Bases: ParametricLaplace

Laplace approximation with full, i.e., dense, log likelihood Hessian approximation and hence posterior precision. Based on the chosen backend parameter, the full approximation can be, for example, a generalized Gauss-Newton matrix. Mathematically, we have \(P \in \mathbb{R}^{P \times P}\). See BaseLaplace for the full interface.

Source code in laplace/baselaplace.py
def __init__(
    self,
    model: nn.Module,
    likelihood: Likelihood | str,
    sigma_noise: float | torch.Tensor = 1.0,
    prior_precision: float | torch.Tensor = 1.0,
    prior_mean: float | torch.Tensor = 0.0,
    temperature: float = 1.0,
    enable_backprop: bool = False,
    dict_key_x: str = "input_ids",
    dict_key_y: str = "labels",
    backend: type[CurvatureInterface] | None = None,
    backend_kwargs: dict[str, Any] | None = None,
):
    super().__init__(
        model,
        likelihood,
        sigma_noise,
        prior_precision,
        prior_mean,
        temperature,
        enable_backprop,
        dict_key_x,
        dict_key_y,
        backend,
        backend_kwargs,
    )
    self._posterior_scale: torch.Tensor | None = None

log_likelihood #

log_likelihood: Tensor

Compute log likelihood on the training data after .fit() has been called.
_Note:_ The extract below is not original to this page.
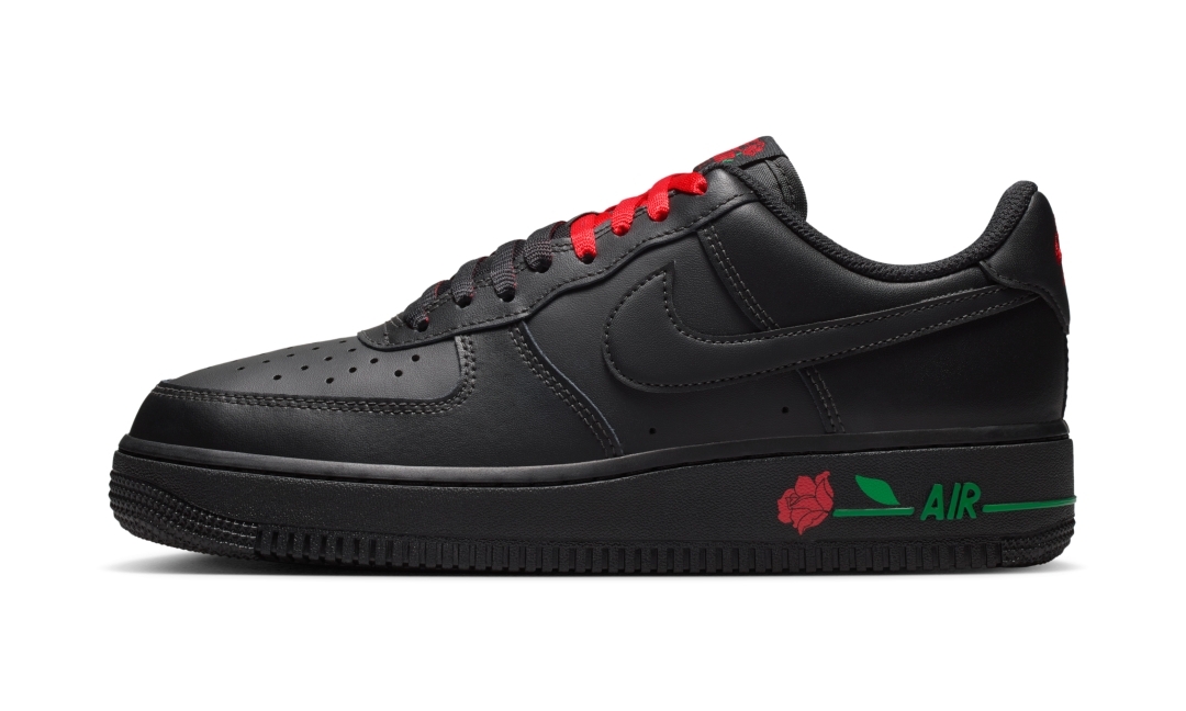 ブラックカラーのレザーアッパーに、レッドカラーのインソールと、ミッドソールの「AIR」にはバラのアイコンを配置した一足。

The log likelihood is computed on-demand based on the loss and, for example, the observation noise which makes it differentiable in the latter for iterative updates.

Returns:

  • log_likelihood ( Tensor ) –

prior_precision_diag #

prior_precision_diag: Tensor

Obtain the diagonal prior precision \(p_0\) constructed from either a scalar, layer-wise, or diagonal prior precision.

Returns:

  • prior_precision_diag ( Tensor ) –

scatter #

scatter: Tensor

Computes the scatter, a term of the log marginal likelihood that corresponds to L-2 regularization: scatter = \((\theta_{MAP} - \mu_0)^{T} P_0 (\theta_{MAP} - \mu_0) \).

Returns:

  • scatter ( Tensor ) –

log_det_prior_precision #

log_det_prior_precision: Tensor

Compute log determinant of the prior precision \(\log \det P_0\)

Returns:

  • log_det ( Tensor ) –

log_det_ratio #

log_det_ratio: Tensor

Compute the log determinant ratio, a part of the log marginal likelihood.
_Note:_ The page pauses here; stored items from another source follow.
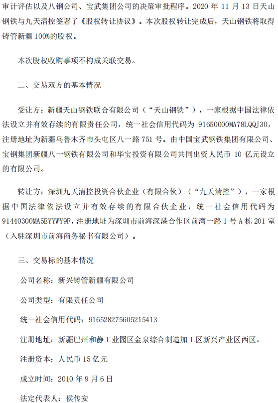 11月13日晚間,八一鋼鐵發布公告稱,該公司控股股東寶鋼集團新疆八一鋼鐵有限公司的控股子公司新疆天山鋼鐵聯合有限公司受讓深圳九天清控投資合伙企業持有的新興鑄管新疆有限公司100%股權。11月13日,天山鋼鐵與九天清控簽署了《股權轉讓協議》。本次股權轉讓以2019年12月31日為基準日,以公司經天健會計師事務所審計、北京中企華資產評估有限責任公司評估后的100%股權價值為基礎,各方協商確定本次股權轉讓價款為21.81億元。
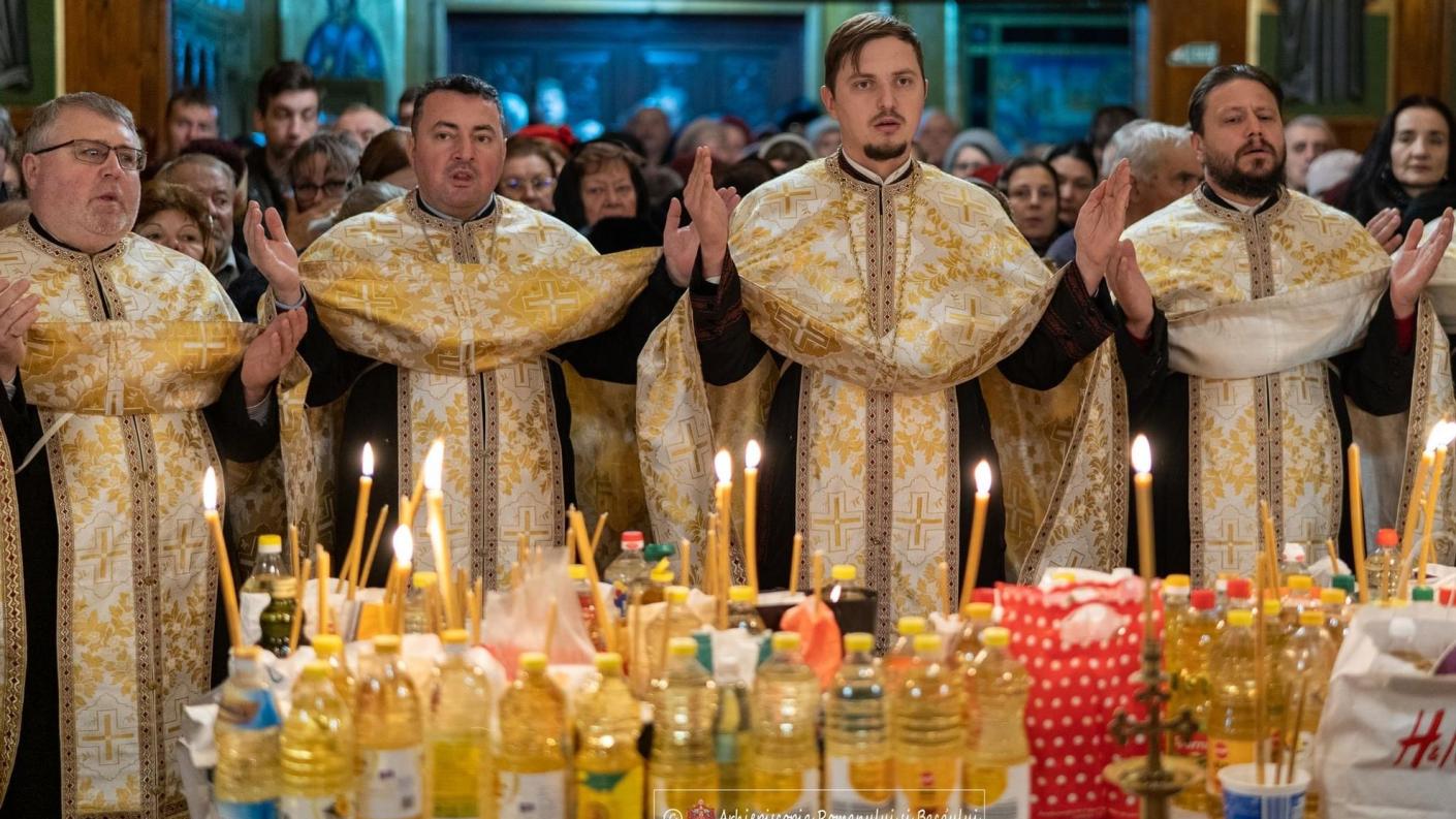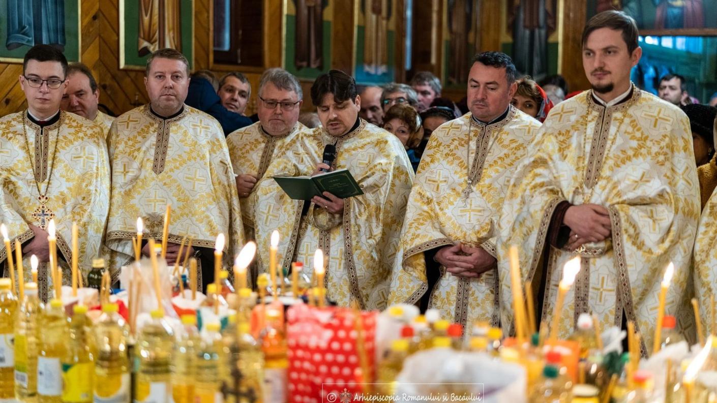 Astfel, începând cu ora 17.00, a fost săvârșită Taina Sfântului Maslu la care a participat și Înaltpreasfințitul Părinte Ioachim, Arhiepiscopul Romanului și Bacăului, citind rugăciunile de dezlegare și binecuvântând toată suflarea prezentă în această seară.
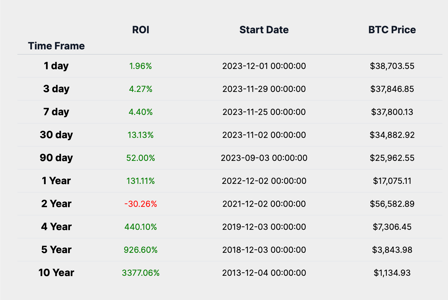 The ROI table underscores Bitcoin's short-term and long-term return profile and investment characteristics. In the short term, Bitcoin can exhibit high volatility, which can result in both significant gains and losses, as evidenced by the 1-day and 3-day ROIs. This volatility is characteristic of an asset that is highly responsive to market sentiments and news. In contrast, the long-term ROIs illustrate that Bitcoin has the potential to deliver exponential growth over extended periods, highlighting its appeal to investors with a long-term horizon who are willing to weather short-term market fluctuations for the prospect of substantial long-term gains.

\[ \log \frac{\det P}{\det P_0} = \log \det P - \log \det P_0 \]

Returns:

  • log_det_ratio ( Tensor ) –

posterior_scale #

posterior_scale: Tensor

Posterior scale (square root of the covariance), i.e., \(P^{-\frac{1}{2}}\).

Returns:

  • scale ( tensor ) –

    (parameters, parameters)

posterior_covariance #

posterior_covariance: Tensor

Posterior covariance, i.e., \(P^{-1}\).

Returns:

  • covariance ( tensor ) –

    (parameters, parameters)

posterior_precision #

posterior_precision: Tensor

Posterior precision \(P\).

Returns:

  • precision ( tensor ) –

    (parameters, parameters)

log_marginal_likelihood #

log_marginal_likelihood(prior_precision: Tensor | None = None, sigma_noise: Tensor | None = None) -> Tensor

Compute the Laplace approximation to the log marginal likelihood subject to specific Hessian approximations that subclasses implement. Requires that the Laplace approximation has been fit before. The resulting torch.Tensor is differentiable in prior_precision and sigma_noise if these have gradients enabled. By passing prior_precision or sigma_noise, the current value is overwritten. This is useful for iterating on the log marginal likelihood.

Parameters:

  • prior_precision (Tensor, default: None ) –

    prior precision if should be changed from current prior_precision value

  • sigma_noise (Tensor, default: None ) –

    observation noise standard deviation if should be changed

Returns:

  • log_marglik ( Tensor ) –
Source code in laplace/baselaplace.py
def log_marginal_likelihood(
    self,
    prior_precision: torch.Tensor | None = None,
    sigma_noise: torch.Tensor | None = None,
) -> torch.Tensor:
    """Compute the Laplace approximation to the log marginal likelihood subject
    to specific Hessian approximations that subclasses implement.
    Requires that the Laplace approximation has been fit before.
    The resulting torch.Tensor is differentiable in `prior_precision` and
    `sigma_noise` if these have gradients enabled.
    By passing `prior_precision` or `sigma_noise`, the current value is
    overwritten. This is useful for iterating on the log marginal likelihood.

    Parameters
    ----------
    prior_precision : torch.Tensor, optional
        prior precision if should be changed from current `prior_precision` value
    sigma_noise : torch.Tensor, optional
        observation noise standard deviation if should be changed

    Returns
    -------
    log_marglik : torch.Tensor
    """
    # update prior precision (useful when iterating on marglik)
    if prior_precision is not None:
        self.prior_precision = prior_precision

    # update sigma_noise (useful when iterating on marglik)
    if sigma_noise is not None:
        if self.likelihood != Likelihood.REGRESSION:
            raise ValueError("Can only change sigma_noise for regression.")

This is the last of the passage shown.